Image-generating algorithms, notably Google Research’s Imagen and Open AI’s DALL-E 2, have sparked a lot of interest recently. Whether you want to see a painting of a fox sitting in a field at sunrise in the style of Claude Monet or a majestic oil painting of a raccoon Queen wearing a red French royal gown, both systems combine natural language processing artificial intelligence (AI) with massive image training sets to produce extremely impressive results.
However, with the majority of people unable to access these two systems, the DALL-E 2’s predecessor, the DALL-E mini, has seen a comeback in popularity. Though it isn’t as stunning or realistic as the newest software, it is simple to use and produces some attractive (and, depending on the supplied text, strange or screwed up) outcomes. As it turns out, the only restriction is your imagination. Here are a few of our personal favorites, as well as a couple that will make you wish people didn’t have imaginations.

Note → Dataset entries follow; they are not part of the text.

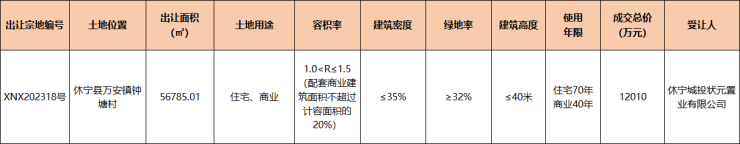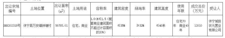 11月30日,休宁县万安镇钟塘村商住用地底价成交,由休宁城投状元置业有限公司竞得,成交总价12010万元,成交面积56785.01㎡(合85.18亩),成交单价141万元/亩(2115元/㎡),成交楼面地价1410元/㎡。
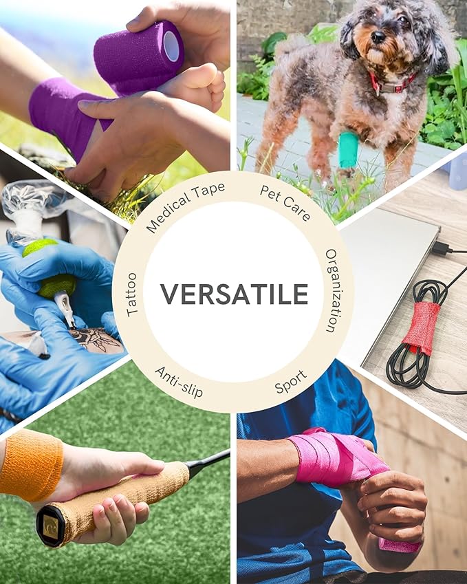 - 🌈Versatile Protection: Say hello to total care and comfort with our 12 rolls self-adhesive bandage pack. No matter the situation - sports injuries or post-surgery care - our bandage has got you covered. Offering versatile protection and unparalleled comfort, it's the ultimate solution for all your wound care needs.
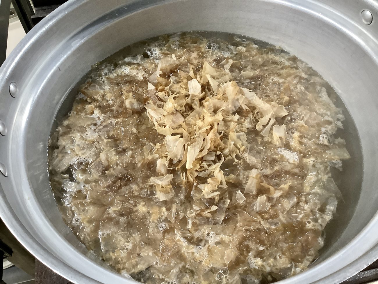 かぼちゃの煮物は、鰹節と昆布で出汁をとってから、醤油・みりんを加え煮ました。中まで出汁が染み込み、鰹のいい香りのする煮物となりました。

We introduce Imagen, a text-to-image diffusion model with unrivaled photorealism and a high level of language comprehension. Imagen relies on the strength of diffusion models in high-fidelity picture production and draws on the power of big transformer language models in interpreting text. Our main finding is that large language models (e.g. T5) pretrained on text-only corpora are surprisingly effective at encoding text for image synthesis: increasing the size of the language model in Imagen improves sample fidelity and image-text alignment much more than increasing the size of the image diffusion model.
Without ever training on the COCO dataset, Imagen obtains a new state-of-the-art FID score of 7.27, and human raters judge Imagen samples to be on par with the COCO data itself in image-text alignment. We develop DrawBench, a comprehensive and demanding benchmark for text-to-image models, to analyze text-to-image models in more depth. We use DrawBench to compare Imagen to modern approaches such as VQ-GAN+CLIP, Latent Diffusion Models, and DALL-E 2, and find that in side-by-side comparisons, human raters favor Imagen over other models in terms of sample quality and image-text alignment.